• _The task_: Go through the listing and set it down exactly, leaving out its pictures.

• _Data_:
────

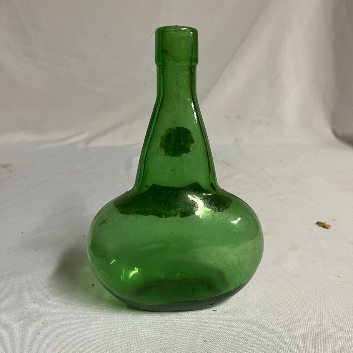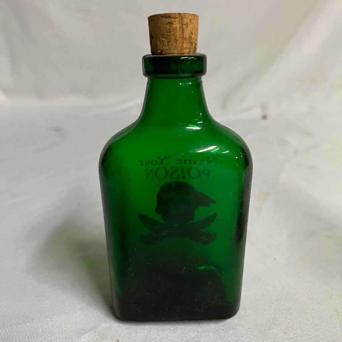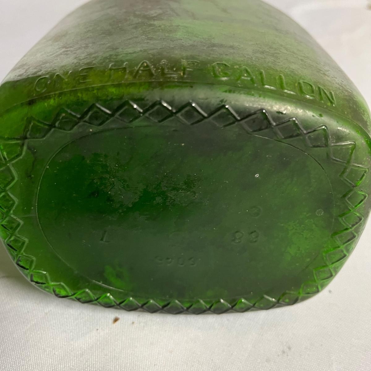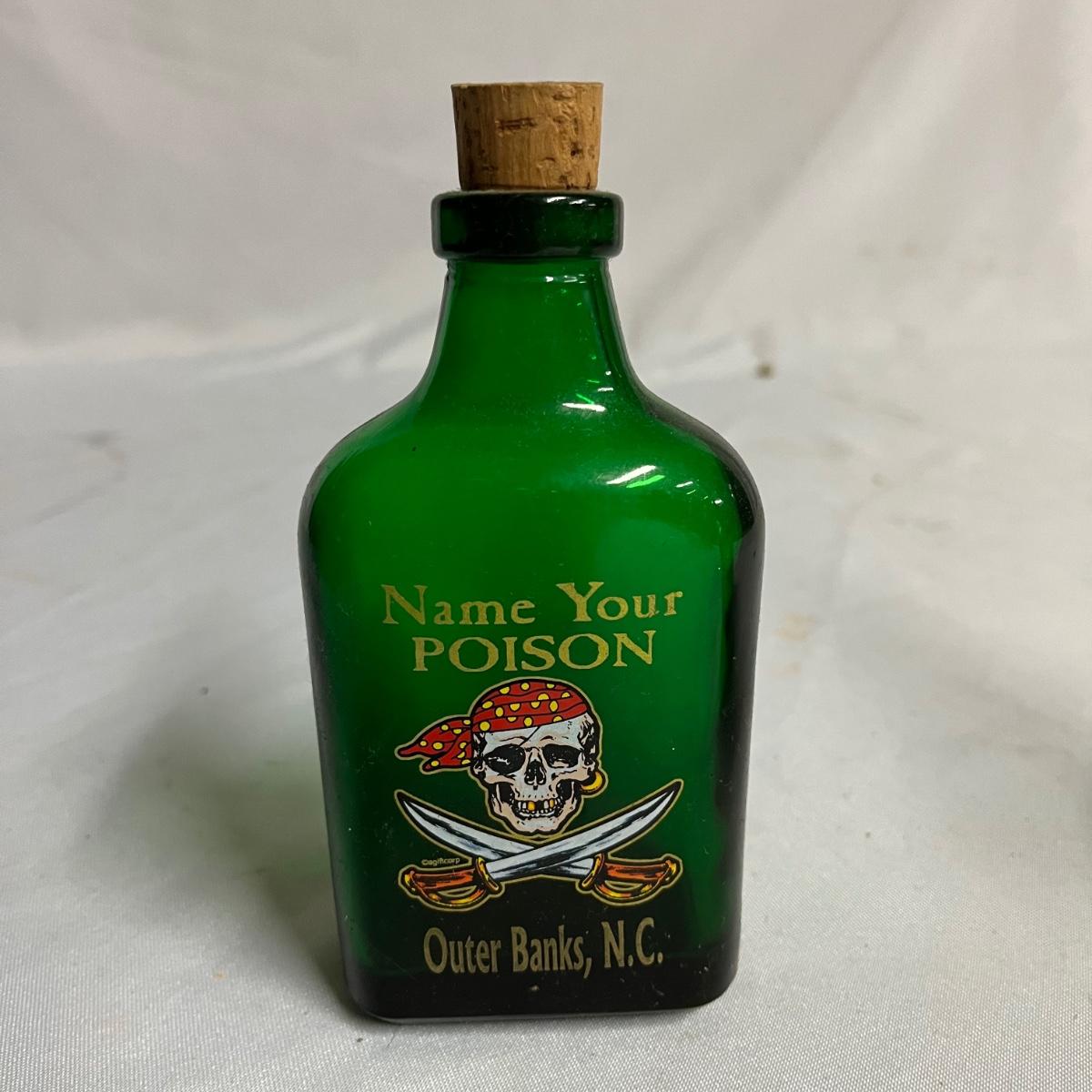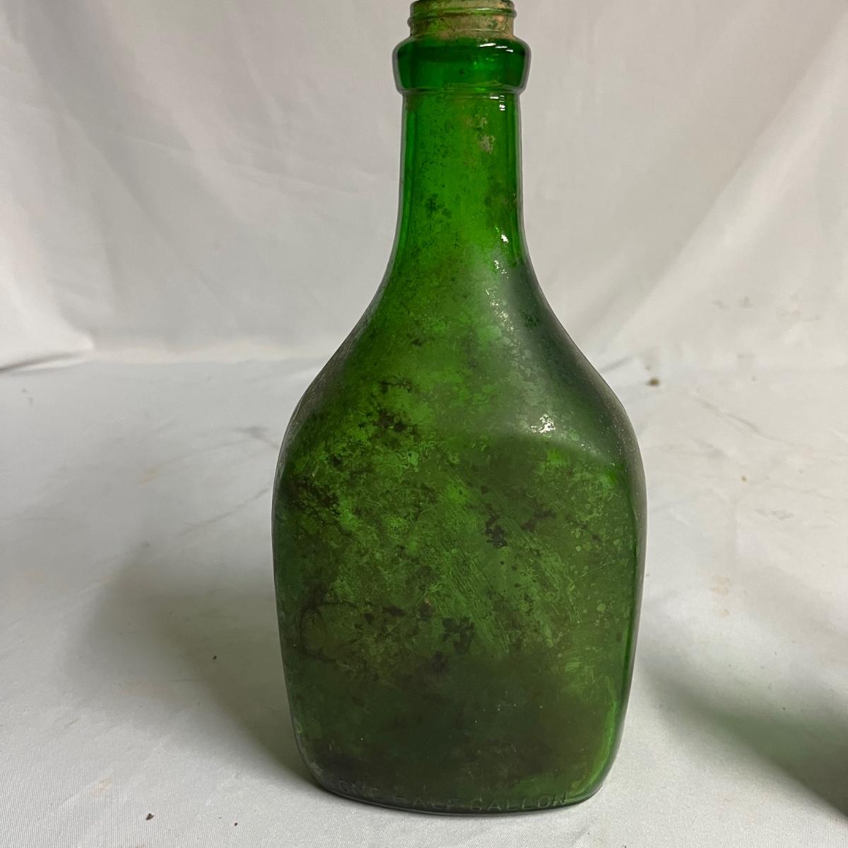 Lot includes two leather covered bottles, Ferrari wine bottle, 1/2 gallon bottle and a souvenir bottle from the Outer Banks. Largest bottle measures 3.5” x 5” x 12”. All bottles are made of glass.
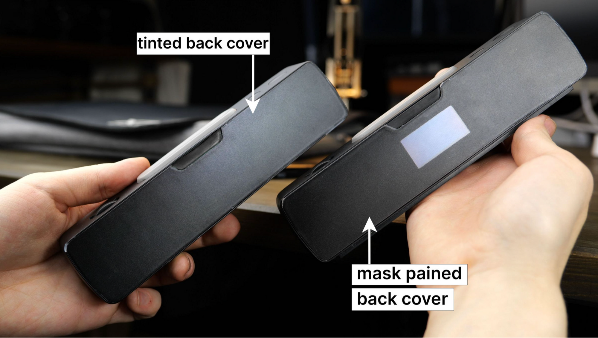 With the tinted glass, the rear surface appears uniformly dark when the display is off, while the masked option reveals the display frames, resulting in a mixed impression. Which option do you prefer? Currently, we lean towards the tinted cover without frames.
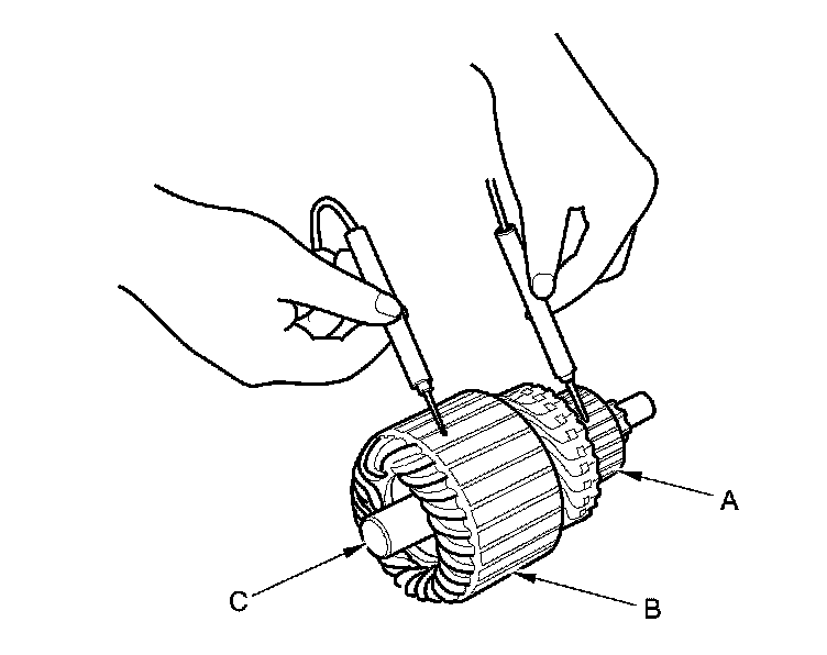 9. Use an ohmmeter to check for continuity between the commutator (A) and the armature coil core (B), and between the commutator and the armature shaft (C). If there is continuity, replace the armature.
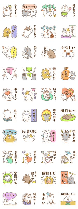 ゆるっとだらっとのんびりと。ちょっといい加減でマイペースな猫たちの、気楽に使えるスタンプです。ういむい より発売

────

• _Answer for the task_:
 Lot includes two leather covered bottles, Ferrari wine bottle, 1/2 gallon bottle and a souvenir bottle from the Outer Banks. Largest bottle measures 3.5” x 5” x 12”. All bottles are made of glass.
 With the tinted glass, the rear surface appears uniformly dark when the display is off, while the masked option reveals the display frames, resulting in a mixed impression. Which option do you prefer? Currently, we lean towards the tinted cover without frames.
 9. Use an ohmmeter to check for continuity between the commutator (A) and the armature coil core (B), and between the commutator and the armature shaft (C). If there is continuity, replace the armature.
 ゆるっとだらっとのんびりと。ちょっといい加減でマイペースな猫たちの、気楽に使えるスタンプです。ういむい より発売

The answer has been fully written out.